Examining Diet-Related Care Practices Among Adults with Type 2 Diabetes: A Focus on Glycemic Index Choices.

Auteur(s) :
Johnson ST., Johnson JA., Storey KE., Mathe N., Avedzi HM., Bearman S.
Date :
Oct, 2016
Source(s) :
Can J Diet Pract Res.. #: p1-6
Adresse :
School of Public Health, University of Alberta, Edmonton, AB. nonsikelelo.mathe@ualberta.ca

Sommaire de l'article

We examined self-care dietary practices and usual intakes among adults with Type 2 diabetes in Alberta, Canada, using data from the Healthy Eating and Active Living for Diabetes study. Participants completed a modified Fat/Sugar/Fruit/Vegetable Screener and answered questions about the number of days per week they followed specific diabetes self-care dietary recommendations.

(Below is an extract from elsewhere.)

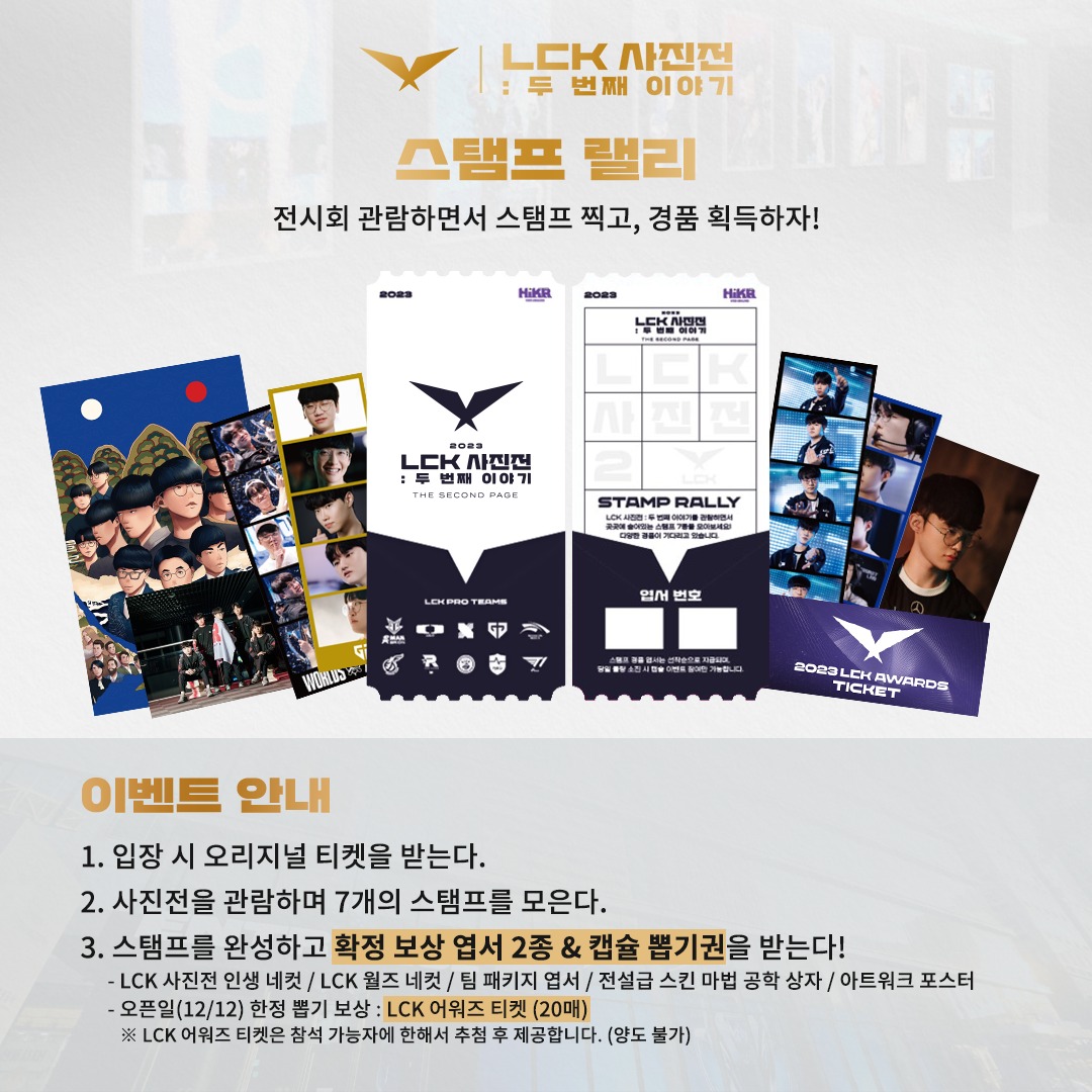 'LCK 사진전 : 두 번째 이야기' 전시회에 대한 내용은 LCK 공식 SNS인 인스타그램이나 페이스북을 참조 부탁드립니다.

Capillary blood samples were collected to assess glycemic control measured by hemoglobin A1c (HbA1c). ANOVA was used to examine differences in dietary self-care, intakes, and glycemic control across categories of days/week of practicing recommended dietary behaviour. Participants (n = 196) were 51% women, mean ± SD age 59.6 ± 8.5 years, with BMI 33.6 ± 6.5 kg/m(2), and diabetes duration of 5.1 ± 6.3 years. Sixteen percent of participants were unfamiliar with low-GI eating and 28% did not include low-GI foods in their diet. Overall, lower mean intake of saturated fat, trans fat, added sugars, higher fibre, and greater GI were each associated with meeting diabetes-related dietary behaviours including: eating ≥5 servings of vegetables and fruit; avoiding processed high fat foods; and replacing high with low-GI foods (P < 0.05). No clear pattern was observed for low-GI eating and HbA1c.